TASK BRIEF:
Pictures don't belong in the copy; print all the records exactly.

Top of RECORDS TO PROCESS

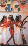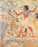 | Рельефы и росписи Среднего Царства Египта | В этот период возросла самостоятельность отдельных областей(номов) и их правителей (номархов), что привело к расцвету местных художественных школ. Вырубленные в скалах гробницы номархов, сохранившиеся около современного селения Бени Гасан, постепенно превратились в сокровищницы произведений искусства. Росписи преобладают здесь над рельефами; это объясняется тем, что для исполнения последних не годился мягкий скальный известняк. К наиболее известным произведениям этого времени относятся изображения сцен рыбной ловли и охоты в нильских зарослях (номарха Хнумхотепа, конец XX в. дон. э.). Рыбу ловят острогой, на птиц охотятся с бумерангом и сетью. Дикая кошка прячется на прогнувшемся под её тяжестью стебле цветущего папируса, нарядная стая ярких птиц укрывается в ажурной листве акации, среди них красавец удод, оранжевый, с чёрно-белыми крыльями. В изобразительном искусстве усилились тенденции к правдоподобию. В стенных росписях гробниц изображения приобрели большую композиционную свободу, появились попытки передачи объёма, обогащалась цветовая гамма. Особой поэтической свежестью и непосредственностью отличаются изображения второстепенных бытовых сцен, растений, животных (росписи гробниц в Фивах, 21 в. до н. э.). |
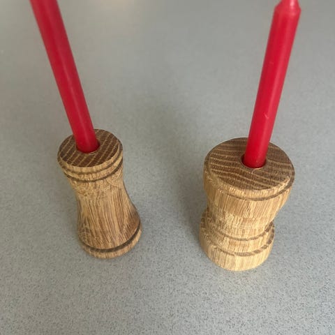 Håndlaget lysestake i eik fra egen hage - koselig liten dekorasjon i juletiden - lyset følger med
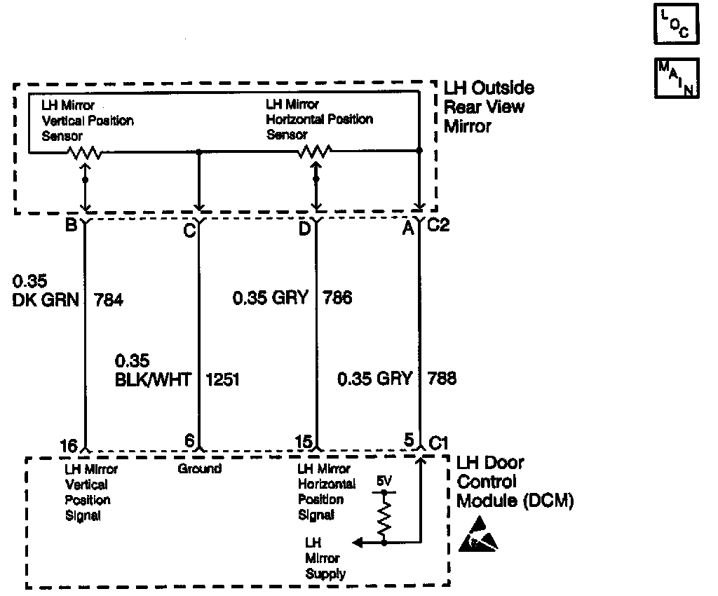 The LH Door Control Module (LDCM) receives both vertical and horizontal position signals from the LH mirror. These signals are used by the LDCM for memory recall functions to determine the vertical and horizontal position of the LH mirror. The LDCM commands the mirror memory settings based upon the voltage level the LDCM receives back from the vertical and horizontal position sensors. The LDCM provides a 5 volt supply, a signal, and a ground to both of the position sensors. The position sensors are variable resistors which the LDCM monitors the voltage level across. When a memory setting is recalled, the LDCM will command the LH mirror motor in the appropriate direction until both the vertical and horizontal position sensors are within the voltage range stored in memory. The LDCM also monitors the LH mirror vertical and horizontal position sensor 5 volt supply circuit and can determine if the voltage level received is out of range. If the voltage level is out of range, then a malfunction is present and a DTC will set.
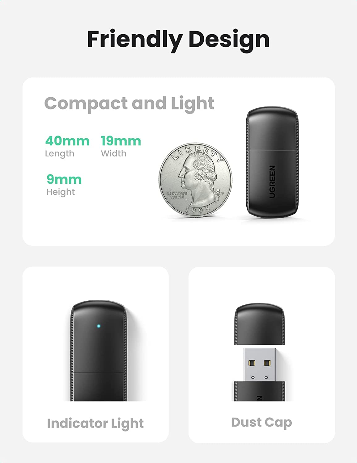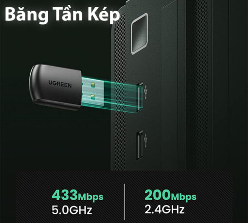Thiết bị USB nhận Bluetooth công suất Bluetooth 20mW, màu đen Ugreen 20204 hỗ trợ 2 băn tần cùng lúc 5G và 2.4G cùng lúc có thể tự động chuyển đổi trong các tình huống khác nhau. Để hệ thống mạng luôn nhanh và ổn định. Hỗ trợ tốc độ mạng cao lến đến 433Mbps ở băng tần 5G và 200Mbps ở băng tần 2.4G phù hợp và đáp ứng cho các nhu cầu giải trí của bạn.
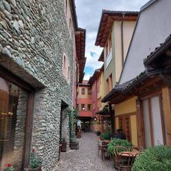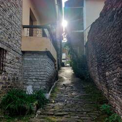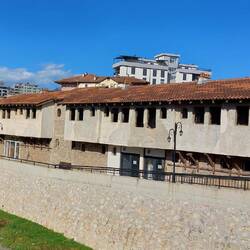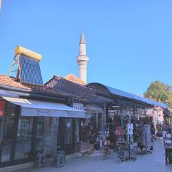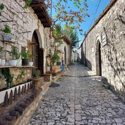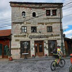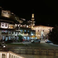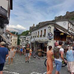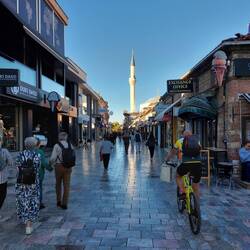 Wir radschlendern durch die engen Gässchen des Bazars. Vieles wurde der Gastronomie gewidmet, einige Teile werden gerade renoviert, ein bisschen abseits Unmengen von Fakeklamotten, Anzügen, Hochzeitskleider, Trachten, Schuhe. Lange nicht gesehen: eine chinesische Reisegruppe knipst sich ganz begeistert durch die Gassen. Ich werfe noch einen Blick in die mittelalterliche Tekke, die wunderschön renoviert wurde. Der islamische Bektashiorden ist ja in Albanien anerkannt, in der Türkei verboten. Es sind Sufis und sie haben definitiv eine Heimat in Albanien. Edi Rama wird, ich glaube, noch dieses Jahr einen, dem Vatikan ähnlichen Bektashistaat in Tirana "eröffnen".
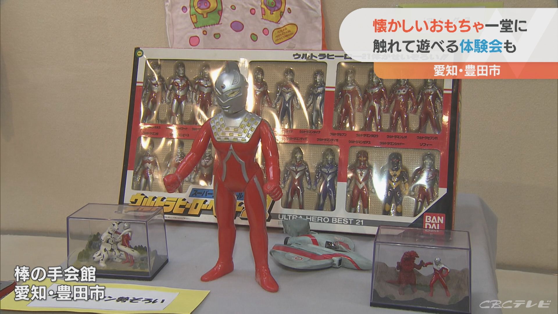 昔懐かしいおもちゃを集めた展示会が、愛知県豊田市で開かれています。ウルトラヒーローの人形に、ガンダムや大魔神のプラモデル、それに長野冬季オリンピックを記念して発売されたスケート靴を履いたアイスダンス…
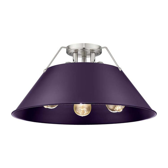Yep by Golden Lighting Orwell 3-light Flush Mount in Pewter and Exotic Purple shade

Bottom of RECORDS TO PROCESS

RESPONSE TO THIS TASK:
 | Рельефы и росписи Среднего Царства Египта | В этот период возросла самостоятельность отдельных областей(номов) и их правителей (номархов), что привело к расцвету местных художественных школ. Вырубленные в скалах гробницы номархов, сохранившиеся около современного селения Бени Гасан, постепенно превратились в сокровищницы произведений искусства. Росписи преобладают здесь над рельефами; это объясняется тем, что для исполнения последних не годился мягкий скальный известняк. К наиболее известным произведениям этого времени относятся изображения сцен рыбной ловли и охоты в нильских зарослях (номарха Хнумхотепа, конец XX в. дон. э.). Рыбу ловят острогой, на птиц охотятся с бумерангом и сетью. Дикая кошка прячется на прогнувшемся под её тяжестью стебле цветущего папируса, нарядная стая ярких птиц укрывается в ажурной листве акации, среди них красавец удод, оранжевый, с чёрно-белыми крыльями. В изобразительном искусстве усилились тенденции к правдоподобию. В стенных росписях гробниц изображения приобрели большую композиционную свободу, появились попытки передачи объёма, обогащалась цветовая гамма. Особой поэтической свежестью и непосредственностью отличаются изображения второстепенных бытовых сцен, растений, животных (росписи гробниц в Фивах, 21 в. до н. э.). |
 Håndlaget lysestake i eik fra egen hage - koselig liten dekorasjon i juletiden - lyset følger med
 The LH Door Control Module (LDCM) receives both vertical and horizontal position signals from the LH mirror. These signals are used by the LDCM for memory recall functions to determine the vertical and horizontal position of the LH mirror. The LDCM commands the mirror memory settings based upon the voltage level the LDCM receives back from the vertical and horizontal position sensors. The LDCM provides a 5 volt supply, a signal, and a ground to both of the position sensors. The position sensors are variable resistors which the LDCM monitors the voltage level across. When a memory setting is recalled, the LDCM will command the LH mirror motor in the appropriate direction until both the vertical and horizontal position sensors are within the voltage range stored in memory. The LDCM also monitors the LH mirror vertical and horizontal position sensor 5 volt supply circuit and can determine if the voltage level received is out of range. If the voltage level is out of range, then a malfunction is present and a DTC will set.
Thiết bị USB nhận Bluetooth công suất Bluetooth 20mW, màu đen Ugreen 20204 hỗ trợ 2 băn tần cùng lúc 5G và 2.4G cùng lúc có thể tự động chuyển đổi trong các tình huống khác nhau. Để hệ thống mạng luôn nhanh và ổn định. Hỗ trợ tốc độ mạng cao lến đến 433Mbps ở băng tần 5G và 200Mbps ở băng tần 2.4G phù hợp và đáp ứng cho các nhu cầu giải trí của bạn.
 Wir radschlendern durch die engen Gässchen des Bazars. Vieles wurde der Gastronomie gewidmet, einige Teile werden gerade renoviert, ein bisschen abseits Unmengen von Fakeklamotten, Anzügen, Hochzeitskleider, Trachten, Schuhe. Lange nicht gesehen: eine chinesische Reisegruppe knipst sich ganz begeistert durch die Gassen. Ich werfe noch einen Blick in die mittelalterliche Tekke, die wunderschön renoviert wurde. Der islamische Bektashiorden ist ja in Albanien anerkannt, in der Türkei verboten. Es sind Sufis und sie haben definitiv eine Heimat in Albanien. Edi Rama wird, ich glaube, noch dieses Jahr einen, dem Vatikan ähnlichen Bektashistaat in Tirana "eröffnen".
 昔懐かしいおもちゃを集めた展示会が、愛知県豊田市で開かれています。ウルトラヒーローの人形に、ガンダムや大魔神のプラモデル、それに長野冬季オリンピックを記念して発売されたスケート靴を履いたアイスダンス…
Yep by Golden Lighting Orwell 3-light Flush Mount in Pewter and Exotic Purple shade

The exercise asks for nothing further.